After her death, he hadn’t cared much one way or another about his skill with the ladies. But now he wished he could crack jokes like his kid brother, Ben, or flirt without coming on too strong or too awkward like his friend, Luke Jarrod—anything to arouse another sparkling smile in those now-somber emerald eyes.
“Thanks again,” she murmured. “For the flowers.” Before she shifted her gaze to the puffy bouquet he thought he saw moisture pooling in her eyes.
“I’m sorry about your ex-husband.”
“So am I.”
“He was in the hospital, you said?”
“He was hurt doing what he loved—protecting others.” Stacy drew a suddenly shaky breath. “There were two of them robbing a convenience store near our house. They’d nearly beaten the clerk to death by the time Len had walked in to buy cigarettes. He’d drawn his gun, but the boys were so young—scarcely fourteen.”
Boyd bit off a curse that had her pale lips trembling into a rueful smile that she couldn’t sustain. “No one’s really sure exactly how it happened. It doesn’t really matter. What matters is that one of the boys hit Len in the head with a baseball bat he must have found behind the counter.” She stopped to clear her throat. “By the time I got to the hospital, Len was in surgery. When he woke up, he was...changed.”
“Brain damage?”
She nodded. “All cops have a capacity for violence or they wouldn’t be cops. The good ones have a...an instinct for right and wrong that keeps that violence inside unless it’s needed to protect human life. After his injury, Len had these rages that just... took over. And when that happened, he enjoyed hurting people.”
“He hurt you?” His voice was too harsh, but there was nothing he could do about it, just as there was nothing he could do about the anger pouring through him at the thought of those huge wrestler’s hands bruising her smooth skin.

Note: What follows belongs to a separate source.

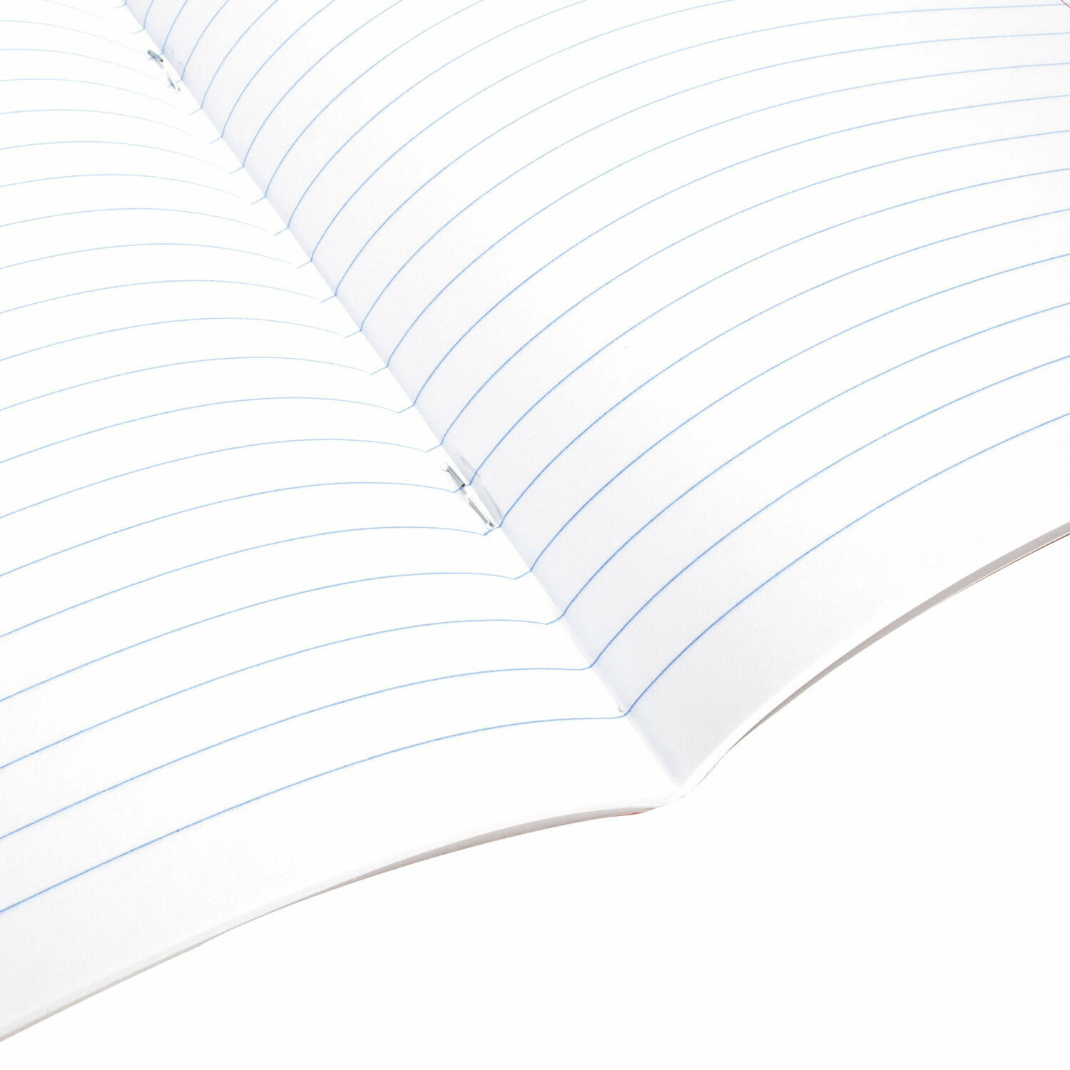 Внутренний блок плотностью 65 г/м2 из офсетной бумаги содержит 12 листов. Белизна - 100%. Линовка - линия с полями. Обложка изготовлена из импортного мелованного картона. Скрепка надежно скрепляет листы между собой.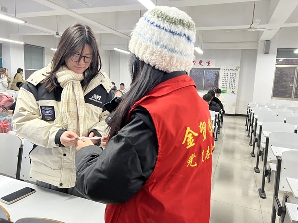 全国硕士研究生招生考试已进入倒计时,为帮助学院考研学子缓解备考压力,调整备考状态,鼓舞考研士气,坚定考研信心,金贸学院学生第二、第三党支部集中开展了“研途送温暖,相伴考研路”考研慰问活动。学生党支部书记曹君秀、赵丹阳,辅导员老师任哲蘅出席本次活动,为考研学子加油打气,送上温暖祝福和亲切关怀。

“Not at first. He was more like a lost child. But... later, after he’d recovered physically, he had episodes ”
She thought about the wild look of fear that had sometimes surfaced in his eyes when he’d thought he was being stalked by some nameless, faceless enemy. Some nights he’d sat up, waiting, his weapon cradled lovingly in his hands. Watching and waiting. She sighed, looked down at her hands.